_Source records:_

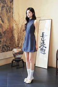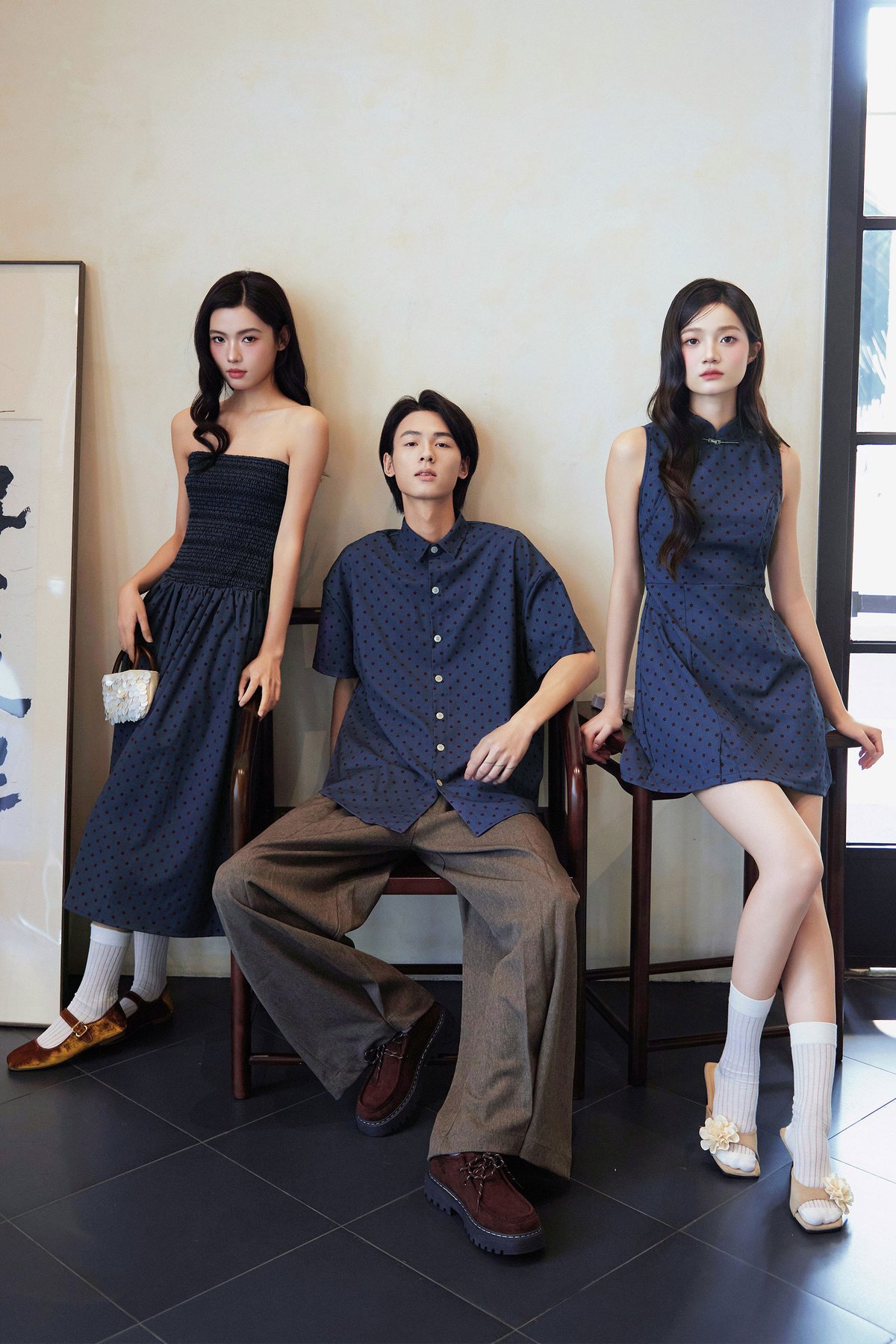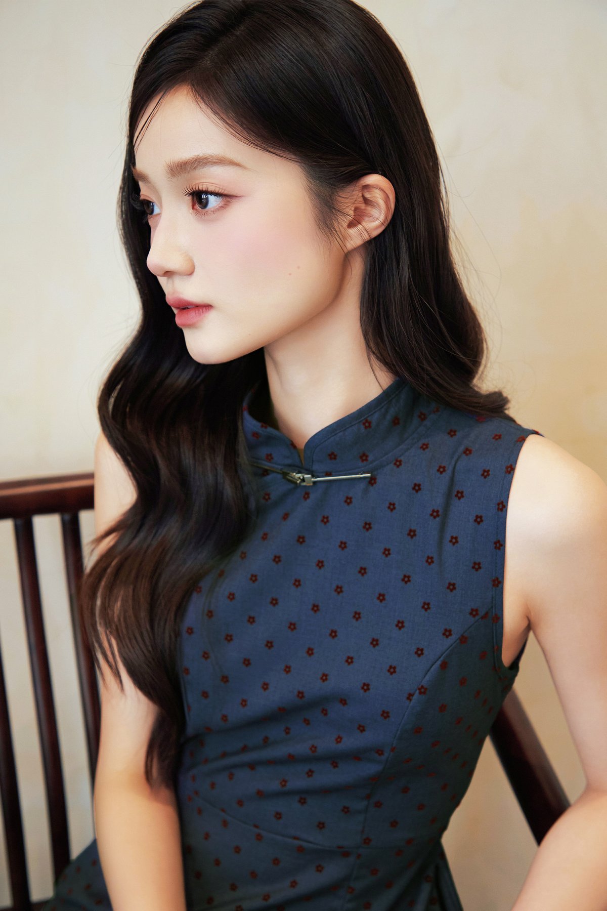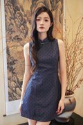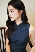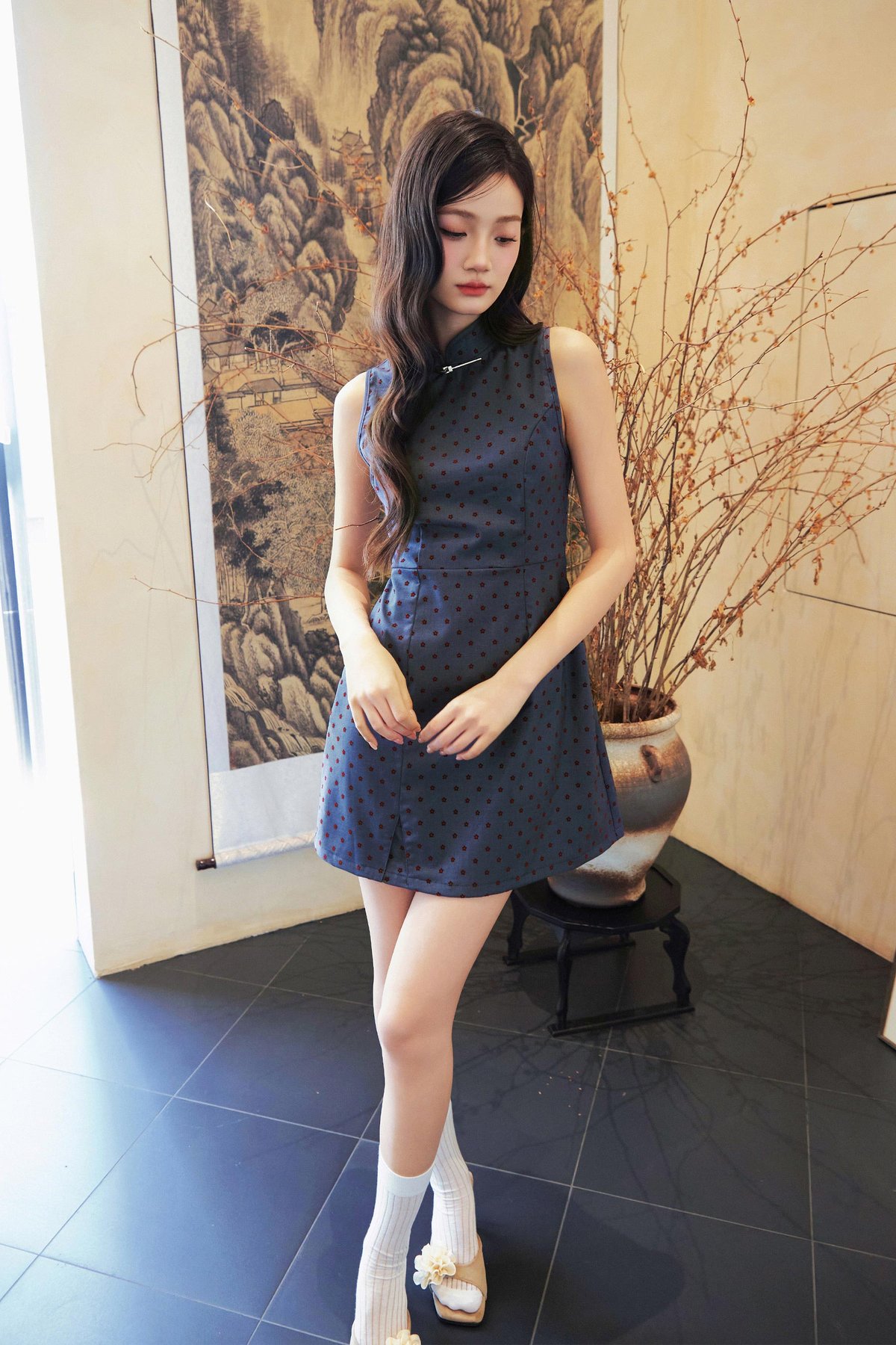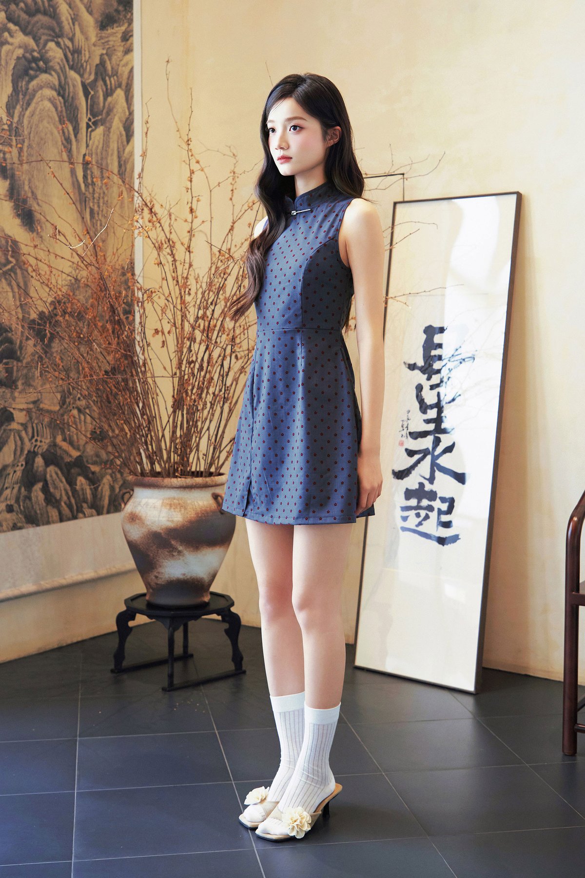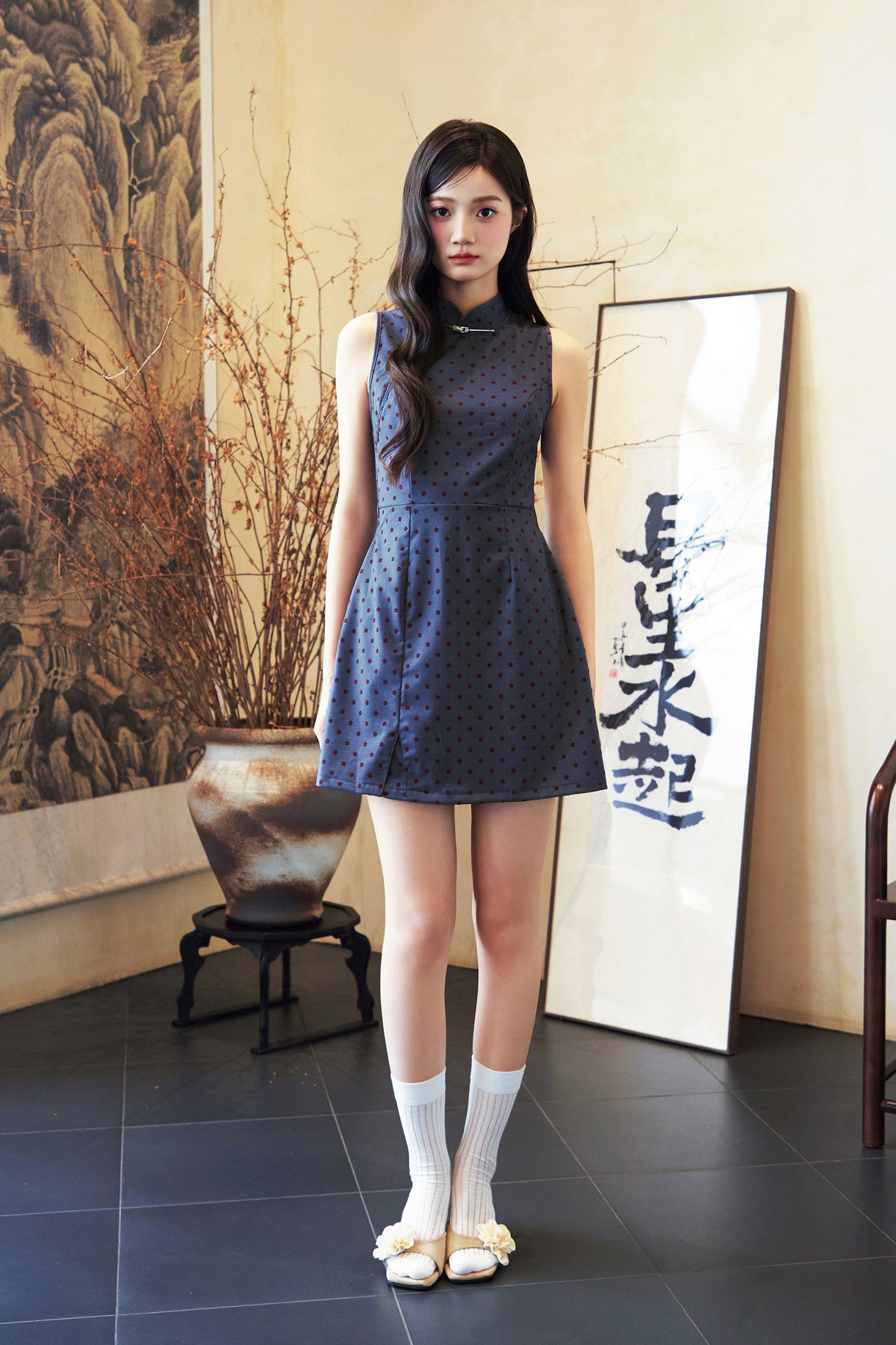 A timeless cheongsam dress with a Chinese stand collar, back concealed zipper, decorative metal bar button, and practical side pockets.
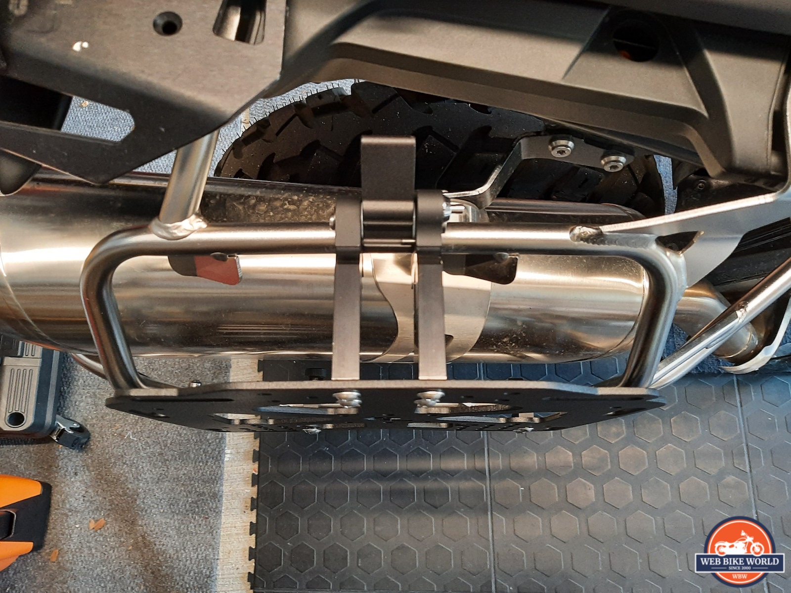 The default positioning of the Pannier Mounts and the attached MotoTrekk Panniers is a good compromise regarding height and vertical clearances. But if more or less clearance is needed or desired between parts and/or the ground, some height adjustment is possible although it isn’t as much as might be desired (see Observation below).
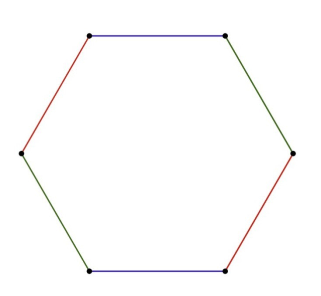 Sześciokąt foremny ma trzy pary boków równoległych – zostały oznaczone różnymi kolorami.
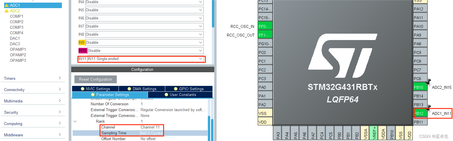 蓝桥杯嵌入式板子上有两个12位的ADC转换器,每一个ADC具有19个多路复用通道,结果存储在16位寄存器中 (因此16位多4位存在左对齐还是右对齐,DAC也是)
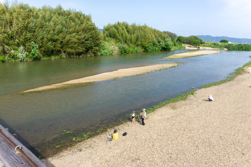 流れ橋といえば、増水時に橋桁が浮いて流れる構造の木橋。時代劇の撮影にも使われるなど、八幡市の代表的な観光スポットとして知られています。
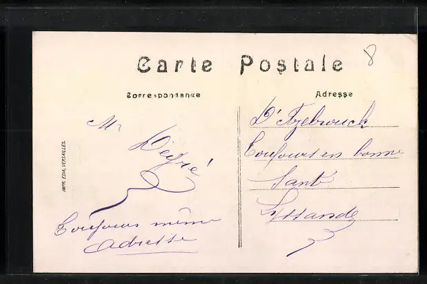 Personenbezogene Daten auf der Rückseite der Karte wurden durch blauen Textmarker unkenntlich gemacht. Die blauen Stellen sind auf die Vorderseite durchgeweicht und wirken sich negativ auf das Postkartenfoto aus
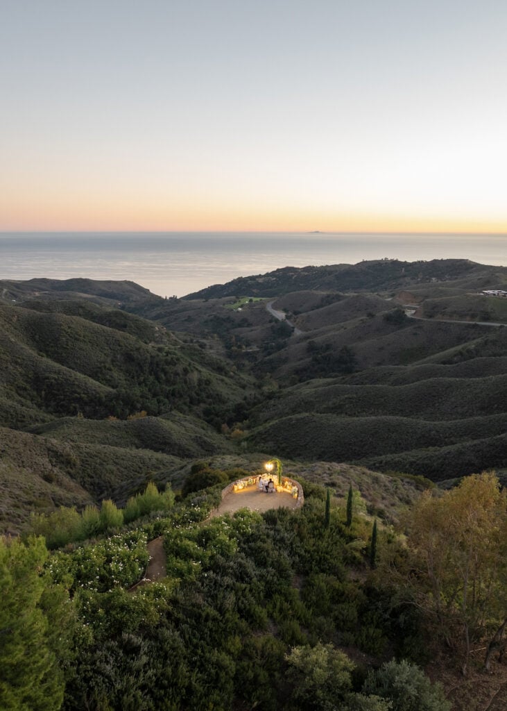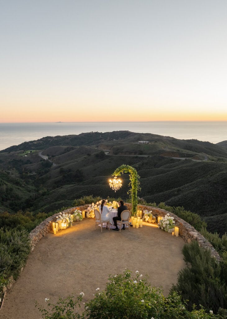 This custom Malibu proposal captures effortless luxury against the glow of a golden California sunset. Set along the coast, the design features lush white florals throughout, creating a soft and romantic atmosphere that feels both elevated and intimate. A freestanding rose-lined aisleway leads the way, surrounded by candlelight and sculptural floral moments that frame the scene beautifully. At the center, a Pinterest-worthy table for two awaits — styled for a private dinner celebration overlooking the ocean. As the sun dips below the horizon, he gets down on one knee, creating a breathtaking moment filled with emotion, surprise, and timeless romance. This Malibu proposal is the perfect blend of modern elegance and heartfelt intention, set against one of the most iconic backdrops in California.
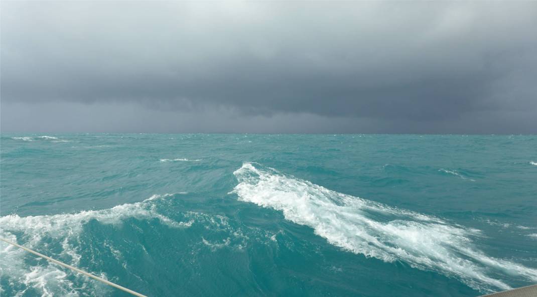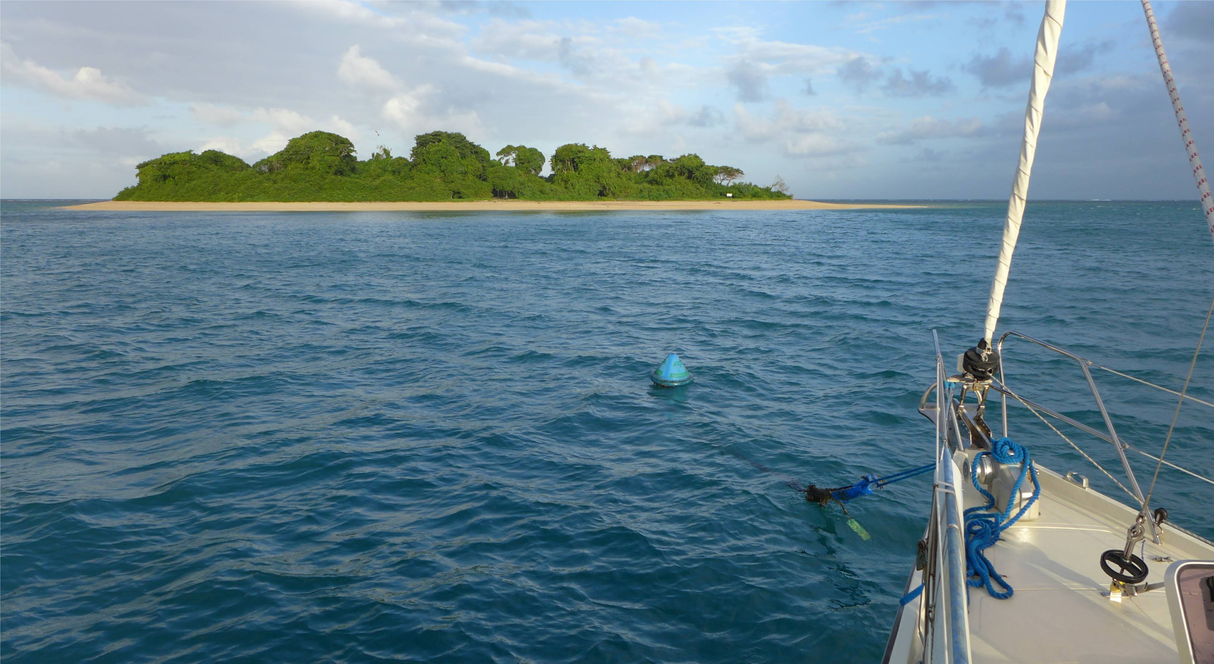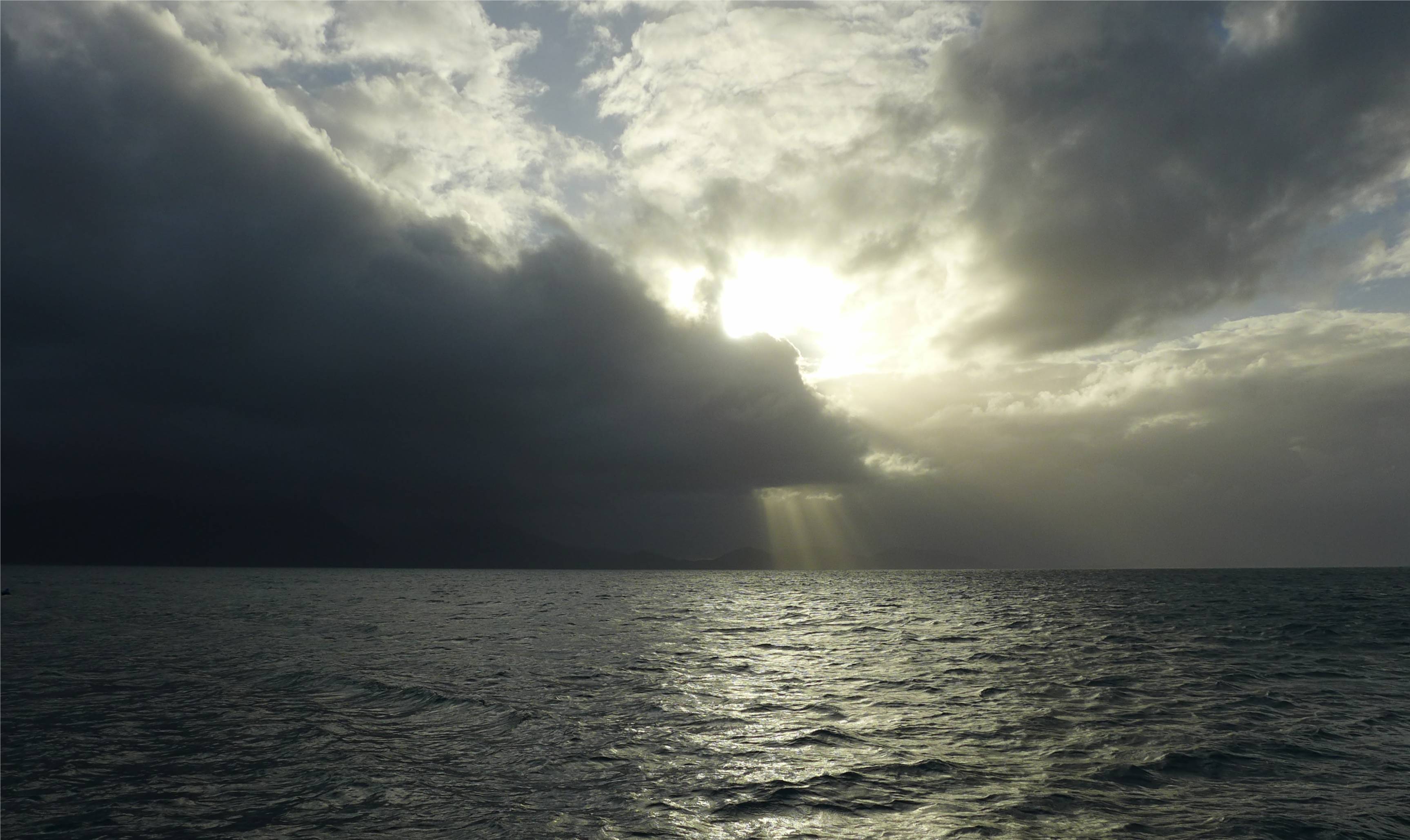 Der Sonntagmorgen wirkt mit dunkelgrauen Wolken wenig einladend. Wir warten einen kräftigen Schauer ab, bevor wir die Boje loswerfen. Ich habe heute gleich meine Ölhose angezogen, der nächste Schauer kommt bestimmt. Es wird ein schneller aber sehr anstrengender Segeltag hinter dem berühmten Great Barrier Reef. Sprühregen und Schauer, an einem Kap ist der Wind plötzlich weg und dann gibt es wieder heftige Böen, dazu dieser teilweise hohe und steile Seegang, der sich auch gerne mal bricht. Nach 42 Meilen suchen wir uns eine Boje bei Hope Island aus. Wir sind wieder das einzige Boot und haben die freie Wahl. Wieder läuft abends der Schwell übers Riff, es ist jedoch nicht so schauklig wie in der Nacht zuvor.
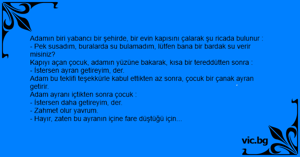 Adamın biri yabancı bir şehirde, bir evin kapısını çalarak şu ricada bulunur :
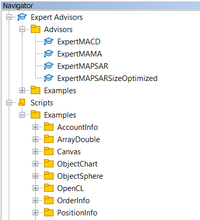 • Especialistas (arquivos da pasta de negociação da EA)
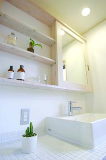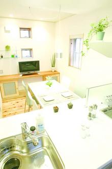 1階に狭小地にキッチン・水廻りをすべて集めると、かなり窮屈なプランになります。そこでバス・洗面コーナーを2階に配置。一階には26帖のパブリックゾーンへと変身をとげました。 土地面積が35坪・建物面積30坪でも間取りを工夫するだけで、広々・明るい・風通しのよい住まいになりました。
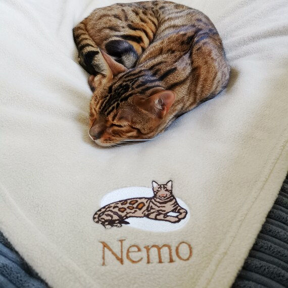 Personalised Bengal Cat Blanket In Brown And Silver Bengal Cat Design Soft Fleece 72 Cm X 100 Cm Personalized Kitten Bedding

_ABOUT THIS TASK:_
No picture should be included when the data are set down again exactly.

_ANSWER TO THE PROBLEM:_
 A timeless cheongsam dress with a Chinese stand collar, back concealed zipper, decorative metal bar button, and practical side pockets.
 The default positioning of the Pannier Mounts and the attached MotoTrekk Panniers is a good compromise regarding height and vertical clearances. But if more or less clearance is needed or desired between parts and/or the ground, some height adjustment is possible although it isn’t as much as might be desired (see Observation below).
 Sześciokąt foremny ma trzy pary boków równoległych – zostały oznaczone różnymi kolorami.
 蓝桥杯嵌入式板子上有两个12位的ADC转换器,每一个ADC具有19个多路复用通道,结果存储在16位寄存器中 (因此16位多4位存在左对齐还是右对齐,DAC也是)
 流れ橋といえば、増水時に橋桁が浮いて流れる構造の木橋。時代劇の撮影にも使われるなど、八幡市の代表的な観光スポットとして知られています。
 Personenbezogene Daten auf der Rückseite der Karte wurden durch blauen Textmarker unkenntlich gemacht. Die blauen Stellen sind auf die Vorderseite durchgeweicht und wirken sich negativ auf das Postkartenfoto aus
 This custom Malibu proposal captures effortless luxury against the glow of a golden California sunset. Set along the coast, the design features lush white florals throughout, creating a soft and romantic atmosphere that feels both elevated and intimate. A freestanding rose-lined aisleway leads the way, surrounded by candlelight and sculptural floral moments that frame the scene beautifully. At the center, a Pinterest-worthy table for two awaits — styled for a private dinner celebration overlooking the ocean. As the sun dips below the horizon, he gets down on one knee, creating a breathtaking moment filled with emotion, surprise, and timeless romance. This Malibu proposal is the perfect blend of modern elegance and heartfelt intention, set against one of the most iconic backdrops in California.
 Der Sonntagmorgen wirkt mit dunkelgrauen Wolken wenig einladend. Wir warten einen kräftigen Schauer ab, bevor wir die Boje loswerfen. Ich habe heute gleich meine Ölhose angezogen, der nächste Schauer kommt bestimmt. Es wird ein schneller aber sehr anstrengender Segeltag hinter dem berühmten Great Barrier Reef. Sprühregen und Schauer, an einem Kap ist der Wind plötzlich weg und dann gibt es wieder heftige Böen, dazu dieser teilweise hohe und steile Seegang, der sich auch gerne mal bricht. Nach 42 Meilen suchen wir uns eine Boje bei Hope Island aus. Wir sind wieder das einzige Boot und haben die freie Wahl. Wieder läuft abends der Schwell übers Riff, es ist jedoch nicht so schauklig wie in der Nacht zuvor.
 Adamın biri yabancı bir şehirde, bir evin kapısını çalarak şu ricada bulunur :
 • Especialistas (arquivos da pasta de negociação da EA)
 1階に狭小地にキッチン・水廻りをすべて集めると、かなり窮屈なプランになります。そこでバス・洗面コーナーを2階に配置。一階には26帖のパブリックゾーンへと変身をとげました。 土地面積が35坪・建物面積30坪でも間取りを工夫するだけで、広々・明るい・風通しのよい住まいになりました。
 Personalised Bengal Cat Blanket In Brown And Silver Bengal Cat Design Soft Fleece 72 Cm X 100 Cm Personalized Kitten Bedding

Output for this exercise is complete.